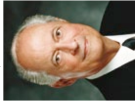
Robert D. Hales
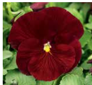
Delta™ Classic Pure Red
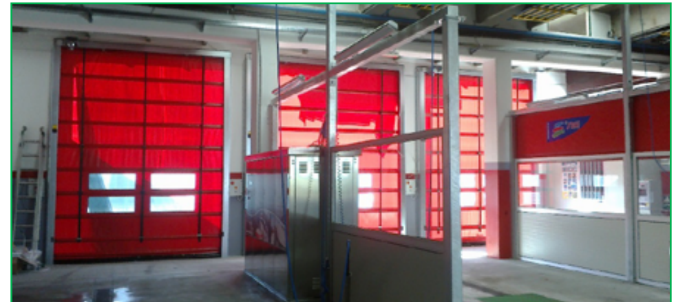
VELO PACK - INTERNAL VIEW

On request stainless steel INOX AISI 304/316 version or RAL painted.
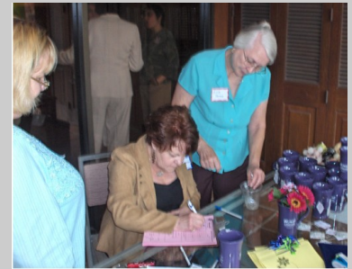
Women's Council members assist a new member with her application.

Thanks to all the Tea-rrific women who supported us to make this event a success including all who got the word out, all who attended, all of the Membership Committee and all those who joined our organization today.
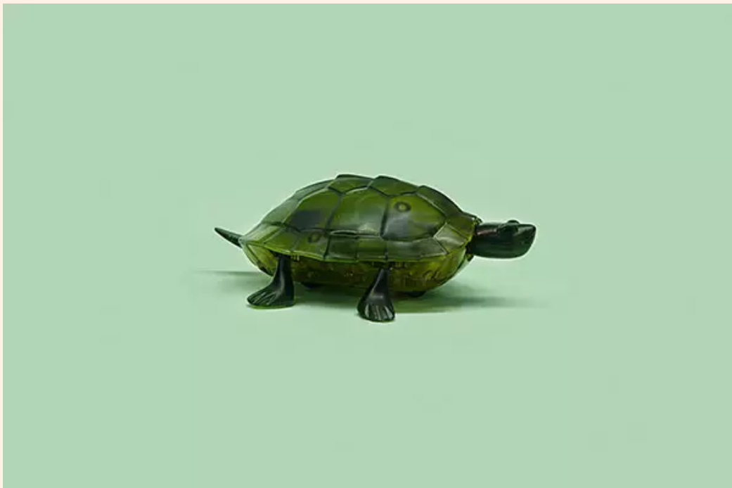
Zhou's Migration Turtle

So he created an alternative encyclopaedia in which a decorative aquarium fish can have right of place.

────

The entries are to be restated word for word, with pictures omitted.

Robert D. Hales
Delta™ Classic Pure Red
VELO PACK - INTERNAL VIEW

On request stainless steel INOX AISI 304/316 version or RAL painted.
Women's Council members assist a new member with her application.

Thanks to all the Tea-rrific women who supported us to make this event a success including all who got the word out, all who attended, all of the Membership Committee and all those who joined our organization today.
Zhou's Migration Turtle

So he created an alternative encyclopaedia in which a decorative aquarium fish can have right of place.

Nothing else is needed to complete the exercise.